• Given information
● ● ● ● ● ● ●

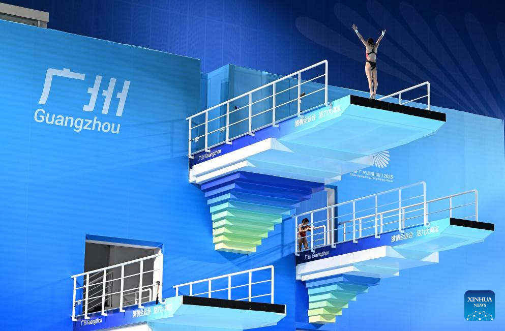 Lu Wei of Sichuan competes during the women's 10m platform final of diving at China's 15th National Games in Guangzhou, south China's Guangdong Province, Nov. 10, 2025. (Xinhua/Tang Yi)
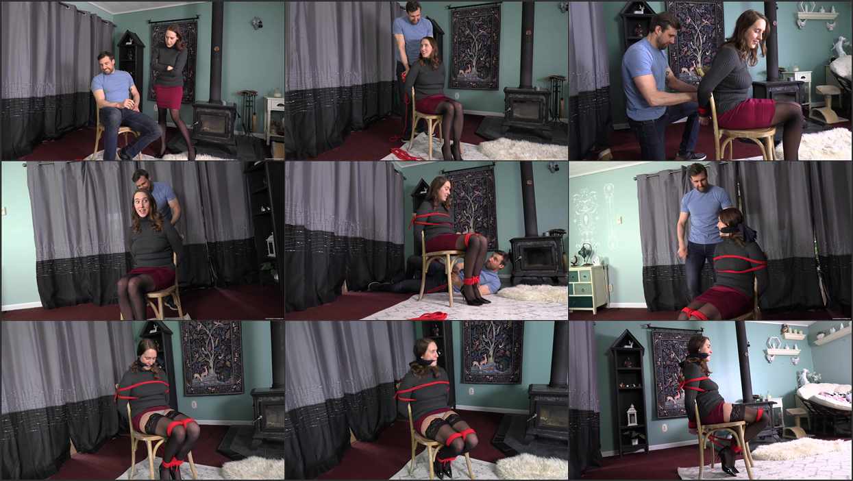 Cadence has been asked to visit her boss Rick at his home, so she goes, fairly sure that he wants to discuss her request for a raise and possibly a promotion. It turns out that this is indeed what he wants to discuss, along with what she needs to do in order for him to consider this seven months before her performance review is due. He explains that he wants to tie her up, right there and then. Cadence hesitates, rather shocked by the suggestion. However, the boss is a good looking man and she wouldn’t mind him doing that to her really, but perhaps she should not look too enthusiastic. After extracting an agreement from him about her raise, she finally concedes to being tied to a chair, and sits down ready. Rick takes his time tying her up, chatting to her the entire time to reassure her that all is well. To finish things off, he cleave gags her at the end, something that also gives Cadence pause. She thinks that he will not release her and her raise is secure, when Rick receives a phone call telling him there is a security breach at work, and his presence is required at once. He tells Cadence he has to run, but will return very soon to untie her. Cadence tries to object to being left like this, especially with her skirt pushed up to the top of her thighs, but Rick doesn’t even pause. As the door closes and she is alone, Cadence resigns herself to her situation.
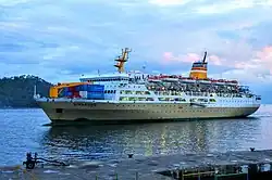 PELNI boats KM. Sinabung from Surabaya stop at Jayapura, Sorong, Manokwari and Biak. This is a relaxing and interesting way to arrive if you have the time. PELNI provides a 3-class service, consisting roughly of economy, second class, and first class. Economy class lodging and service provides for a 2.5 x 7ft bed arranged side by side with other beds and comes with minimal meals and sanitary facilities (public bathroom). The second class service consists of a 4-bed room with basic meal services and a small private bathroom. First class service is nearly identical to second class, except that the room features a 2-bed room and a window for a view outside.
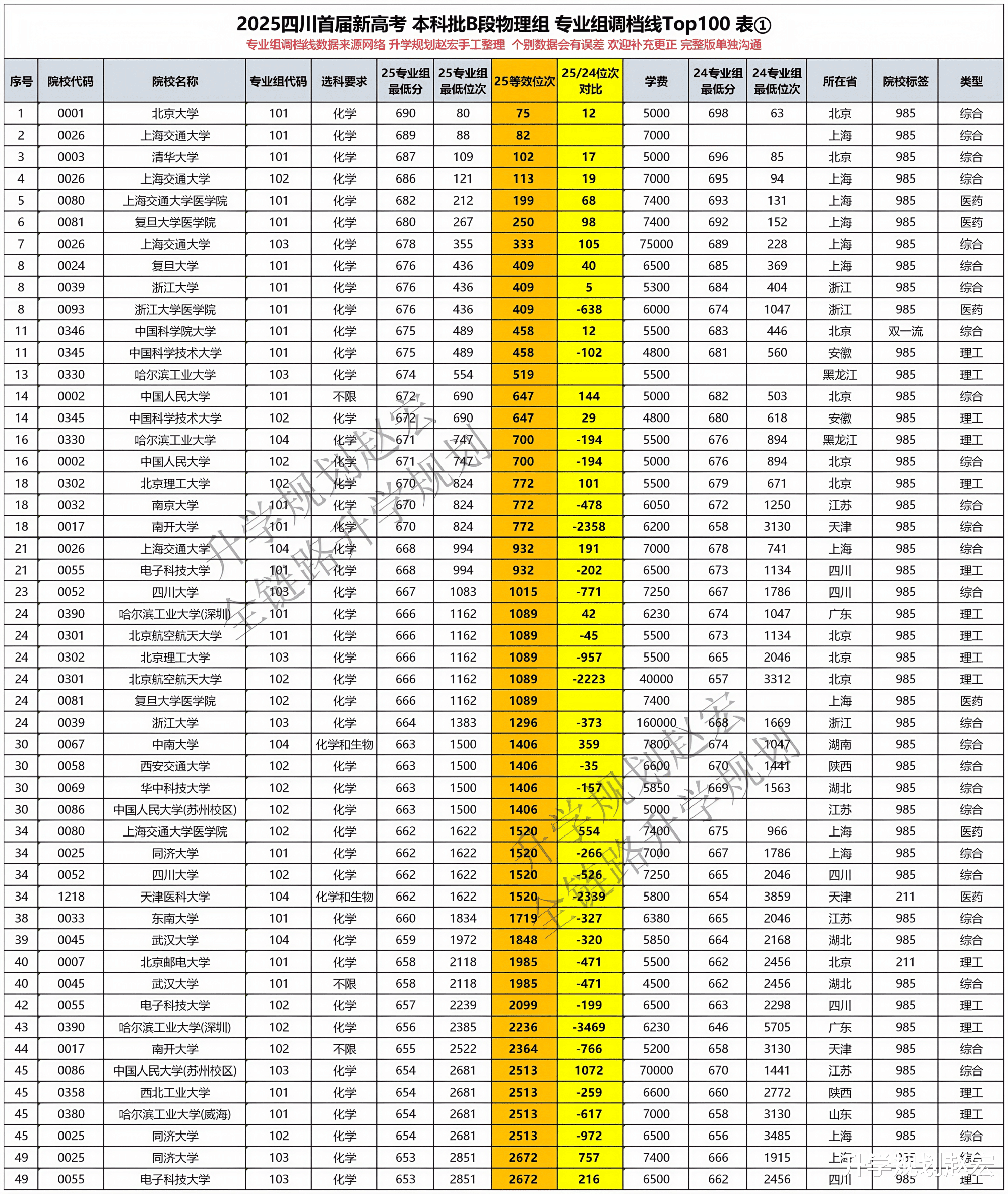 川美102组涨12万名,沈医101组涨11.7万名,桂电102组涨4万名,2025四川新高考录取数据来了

● ● ● ● ● ● ●

• What needs to be done
Copy out the listing word for word and skip its pictures.

• The answer
 Lu Wei of Sichuan competes during the women's 10m platform final of diving at China's 15th National Games in Guangzhou, south China's Guangdong Province, Nov. 10, 2025. (Xinhua/Tang Yi)
 Cadence has been asked to visit her boss Rick at his home, so she goes, fairly sure that he wants to discuss her request for a raise and possibly a promotion. It turns out that this is indeed what he wants to discuss, along with what she needs to do in order for him to consider this seven months before her performance review is due. He explains that he wants to tie her up, right there and then. Cadence hesitates, rather shocked by the suggestion. However, the boss is a good looking man and she wouldn’t mind him doing that to her really, but perhaps she should not look too enthusiastic. After extracting an agreement from him about her raise, she finally concedes to being tied to a chair, and sits down ready. Rick takes his time tying her up, chatting to her the entire time to reassure her that all is well. To finish things off, he cleave gags her at the end, something that also gives Cadence pause. She thinks that he will not release her and her raise is secure, when Rick receives a phone call telling him there is a security breach at work, and his presence is required at once. He tells Cadence he has to run, but will return very soon to untie her. Cadence tries to object to being left like this, especially with her skirt pushed up to the top of her thighs, but Rick doesn’t even pause. As the door closes and she is alone, Cadence resigns herself to her situation.
 PELNI boats KM. Sinabung from Surabaya stop at Jayapura, Sorong, Manokwari and Biak. This is a relaxing and interesting way to arrive if you have the time. PELNI provides a 3-class service, consisting roughly of economy, second class, and first class. Economy class lodging and service provides for a 2.5 x 7ft bed arranged side by side with other beds and comes with minimal meals and sanitary facilities (public bathroom). The second class service consists of a 4-bed room with basic meal services and a small private bathroom. First class service is nearly identical to second class, except that the room features a 2-bed room and a window for a view outside.
 川美102组涨12万名,沈医101组涨11.7万名,桂电102组涨4万名,2025四川新高考录取数据来了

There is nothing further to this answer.